**DATASET RECORDS:**

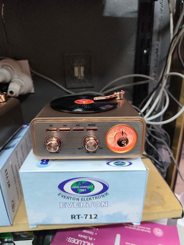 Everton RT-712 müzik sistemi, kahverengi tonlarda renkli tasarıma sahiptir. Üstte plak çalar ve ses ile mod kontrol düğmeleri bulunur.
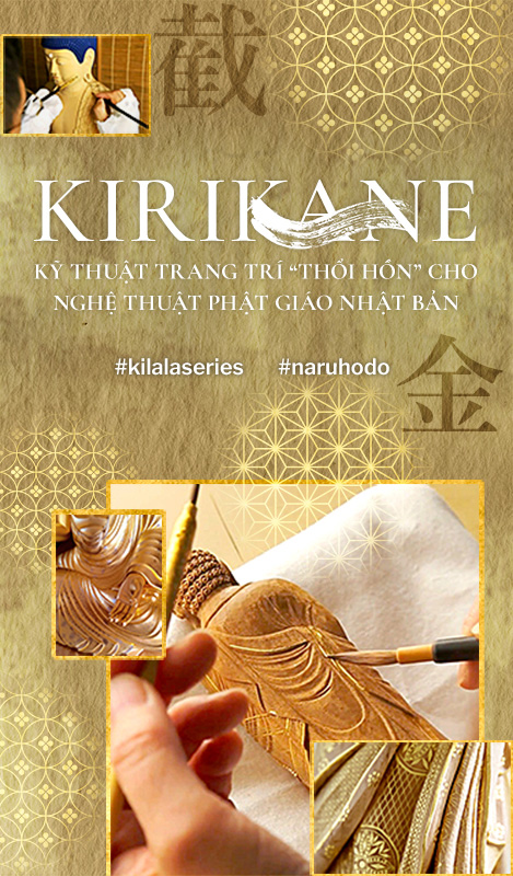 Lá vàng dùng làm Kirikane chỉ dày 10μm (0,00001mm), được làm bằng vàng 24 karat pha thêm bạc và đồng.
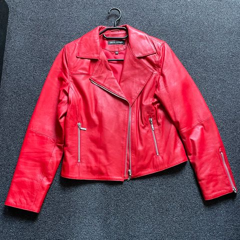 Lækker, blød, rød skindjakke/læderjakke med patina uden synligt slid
* * *
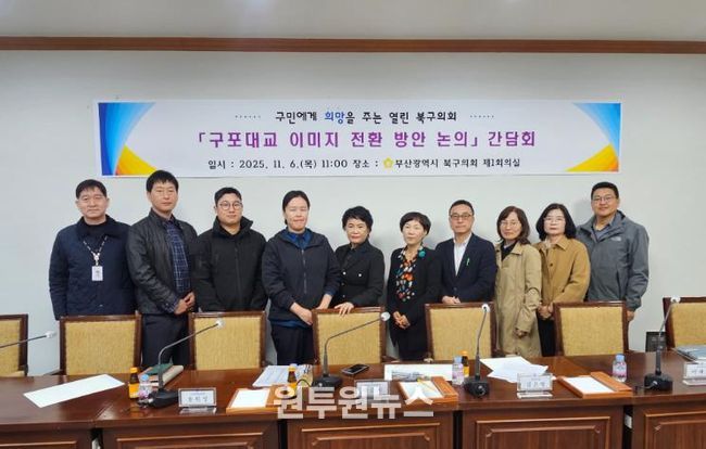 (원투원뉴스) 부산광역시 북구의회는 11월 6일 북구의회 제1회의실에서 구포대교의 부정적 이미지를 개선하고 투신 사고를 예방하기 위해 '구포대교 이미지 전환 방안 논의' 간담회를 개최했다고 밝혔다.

**TASK STATEMENT:**
Copy word for word the span of the records above that begins at the line with "Everton RT-712 müzik" and ends at the line with "Lækker, blød, rød", including those two lines but not the pictures.

**RESULT OF THE EXERCISE:**
 Everton RT-712 müzik sistemi, kahverengi tonlarda renkli tasarıma sahiptir. Üstte plak çalar ve ses ile mod kontrol düğmeleri bulunur.
 Lá vàng dùng làm Kirikane chỉ dày 10μm (0,00001mm), được làm bằng vàng 24 karat pha thêm bạc và đồng.
 Lækker, blød, rød skindjakke/læderjakke med patina uden synligt slid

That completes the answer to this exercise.